Appeal from a judgment of the Supreme Court (McDonough, J.), rendered May 27, 2009 in Ulster County, upon a verdict convicting defendant of the crime of assault in the first degree.
Defendant shot the victim several times at point blank range, injuring him. Out of nine counts in the ensuing indictment, six were dismissed prior to trial and two were dismissed during trial. The jury convicted defendant of the remaining count, assault in the first degree. Supreme Court sentenced defendant to 15 years in prison, followed by five years of postrelease supervision. Defendant appeals.

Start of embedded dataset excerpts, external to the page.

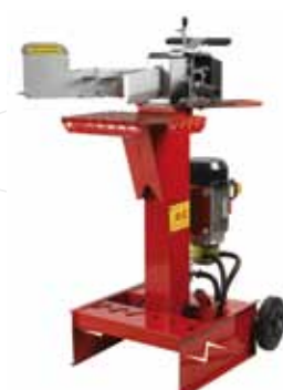
FB500/05 7 to.
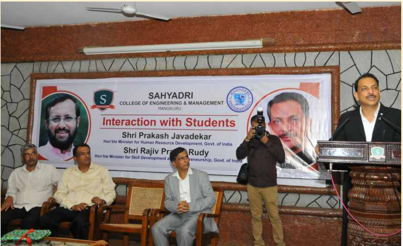
A word of motivation and encouragement to First Year Engineering Students
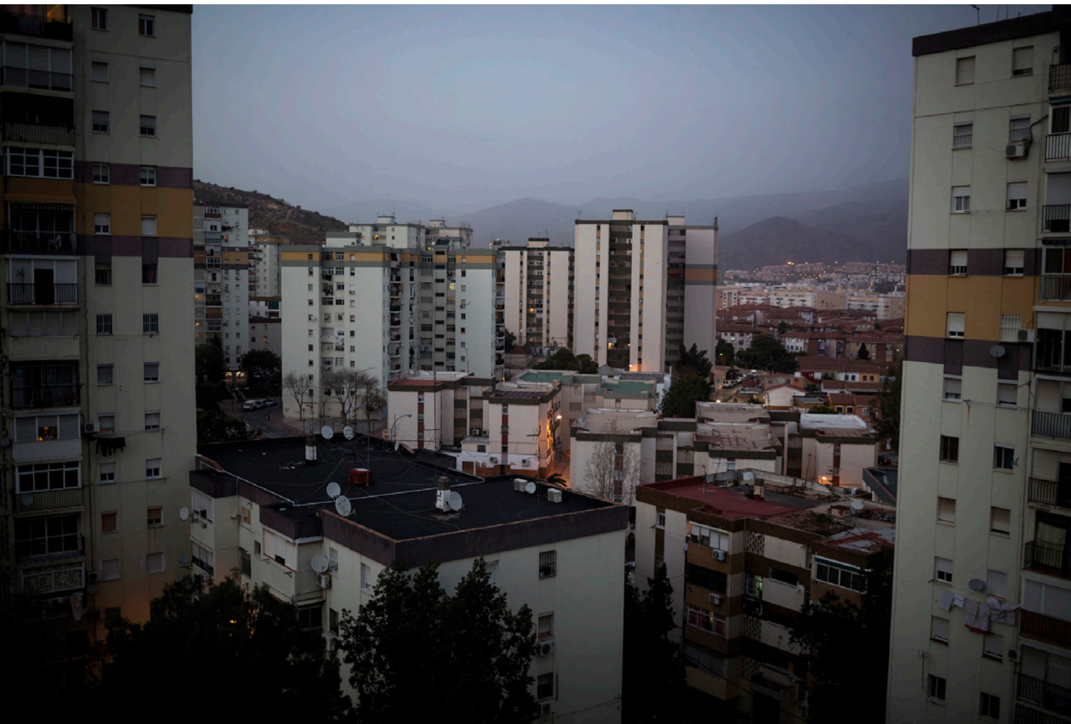
Panorámica de Palma Palmilla desde un balcón de una vivienda en la C/Deva. (Palma Palmilla, 2015-2018).

The conviction was supported by legally sufficient evidence and was not against the weight of the evidence. The People had to prove that “[w]ith intent to cause serious physical injury to another person, [defendant] cause[d] such injury to such person ... by means of a deadly weapon or a dangerous instrument” (Penal Law § 120.10[1] ). The element truly at issue is whether the victim suffered a serious physical injury, defined as a “physical injury which creates a substantial risk of death, or which causes death or serious and protracted disfigurement, protracted impairment of health or protracted loss or impairment of the function of any bodily organ” (Penal Law § 10.00[10] ).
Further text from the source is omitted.